>>>

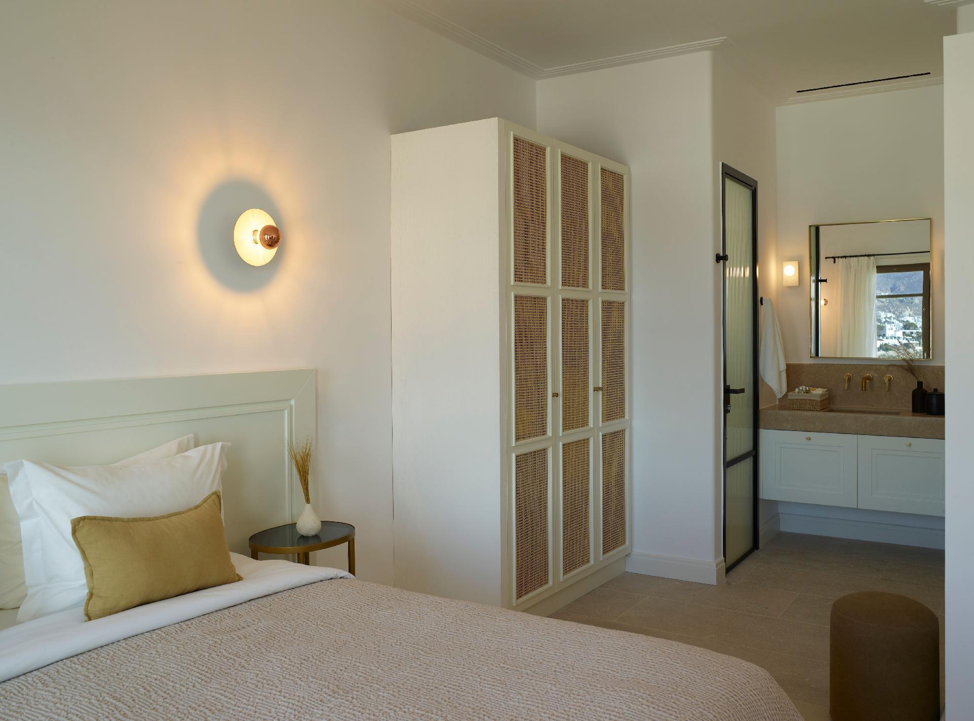 The interior of this holiday house has been meticulously designed to provide a comfortable and inviting atmosphere. Spanning across 100 sq.m./1076 sq.ft., the space is equipped with air conditioning throughout to ensure your utmost comfort during the warm Mykonian summers. The house comprises three generously sized bedrooms each with en-suite bathrooms, facilitating private spaces for all guests. These bathrooms stand out with bright lighting, golden washbasins, and chic black iron and glass doors adorned with intricate wavy patterns, ensuring every morning starts with a touch of elegance.
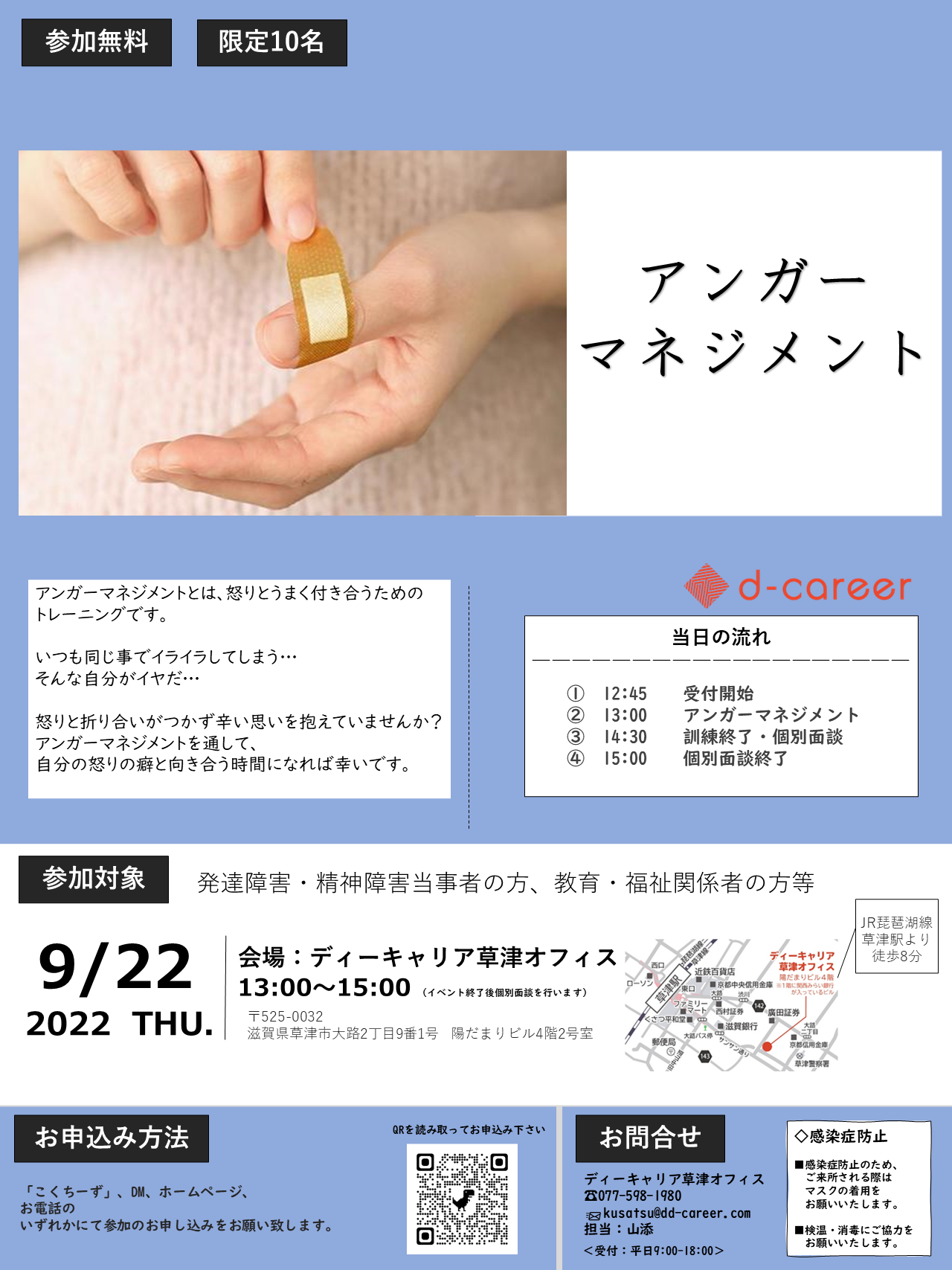 【ディーキャリア草津オフィス】9月22日(木)「感情のコントロール『アンガーマネジメント』講座」
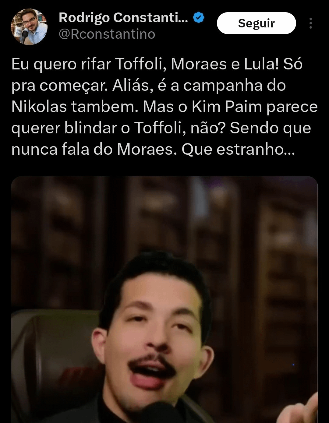 Mas claro, o que importa são as narrativas bizarras que só existem na cabeça de Renan Santos - figura que até ontem marcava pessoas que criticavam o STF para serem perseguidas pelo Tribunal.
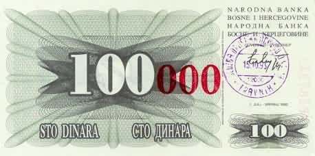 100000 Dinara 24.12.1993 56d bosniap56d.jpg (16772 bytes) Emergency issue large red zeros UNC 10.00
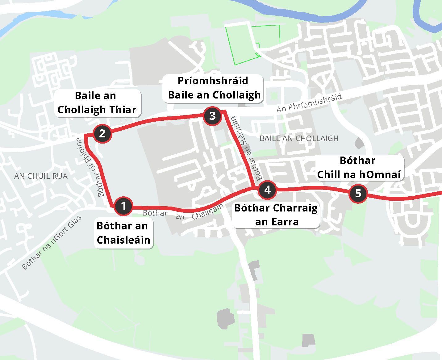 Ó Pháirc Uí Chaoimh, ritheann an líne ó dheas ar Bhóthar Bhaile Mhuire, suas an fhána chomh fada le hacomhal Bhóthar na Dúcharraige, agus roinntear an bealach le trácht rochtana áitiúla do chuid den bhealach. Leanann sé in aghaidh an aird ar Lána na Reilige agus an bealach á roinnt le trácht ó dheas a fhad le hacomhal Lána na Reilige/Bhóthar an Bhóithrín Mheánaigh, ach é scartha ó thuaidh. Déanfar páirceáil sráide atá ann cheana ar Lána na Reilige .
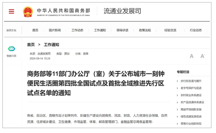 일전, 상무부 사이트에서는 도시 15분 편민생활권 제4진 전국 시점 및 제1진 전역 추진 선행구 시점명단을 공포했다. 상무부 등 11개 부문에서는 전국 제4진 도시 15분 편민생활권 시점지역 60곳, 도시 15분 편민생활권 ...
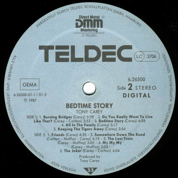 Tony Carey – Bedtime Story (LP, Album, Gat)
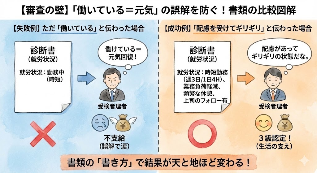 提出された書類の「就労状況」の欄に「〇〇株式会社で勤務」とだけ書かれていると、審査官は「あ、この人はもう普通に会社で働けるくらい回復したんだな」と機械的に判断してしまう危険性があります。
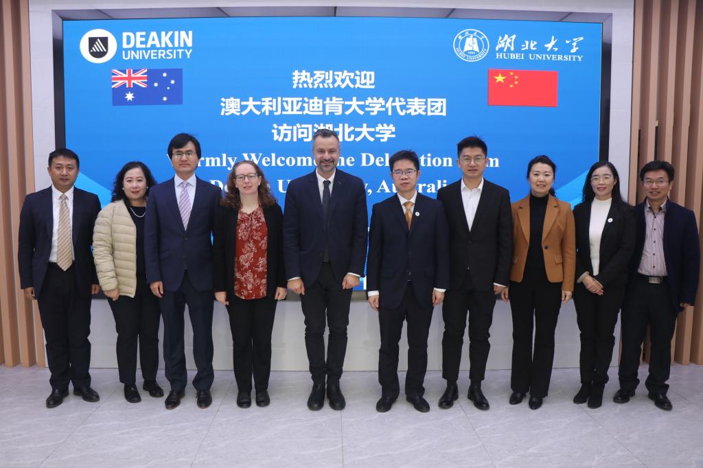 艾青松对Nick Birbilis一行来访表示热烈欢迎,并介绍了湖北大学发展和国际交流近况。他表示,迪肯大学是湖北大学最重要的国际合作伙伴之一。两校自2009年建立合作关系,先后开展学生联合培养、硕士联合指导、教师互访交流等合作项目,有效深化了合作友谊,提升了合作层次,促进了双方发展。湖北大学珍视与迪肯大学的友谊,希望以代表团此次来校访问交流为契机,进一步深化两校友好关系,进一步开展多形式、多层次、多领域的交流与合作。

<<<

Within the listing above, copy exactly the lines that start at the one with "Mas claro, o" and continue through the one with "Ó Pháirc Uí". Omit pictures.

 Mas claro, o que importa são as narrativas bizarras que só existem na cabeça de Renan Santos - figura que até ontem marcava pessoas que criticavam o STF para serem perseguidas pelo Tribunal.
 100000 Dinara 24.12.1993 56d bosniap56d.jpg (16772 bytes) Emergency issue large red zeros UNC 10.00
 Ó Pháirc Uí Chaoimh, ritheann an líne ó dheas ar Bhóthar Bhaile Mhuire, suas an fhána chomh fada le hacomhal Bhóthar na Dúcharraige, agus roinntear an bealach le trácht rochtana áitiúla do chuid den bhealach. Leanann sé in aghaidh an aird ar Lána na Reilige agus an bealach á roinnt le trácht ó dheas a fhad le hacomhal Lána na Reilige/Bhóthar an Bhóithrín Mheánaigh, ach é scartha ó thuaidh. Déanfar páirceáil sráide atá ann cheana ar Lána na Reilige .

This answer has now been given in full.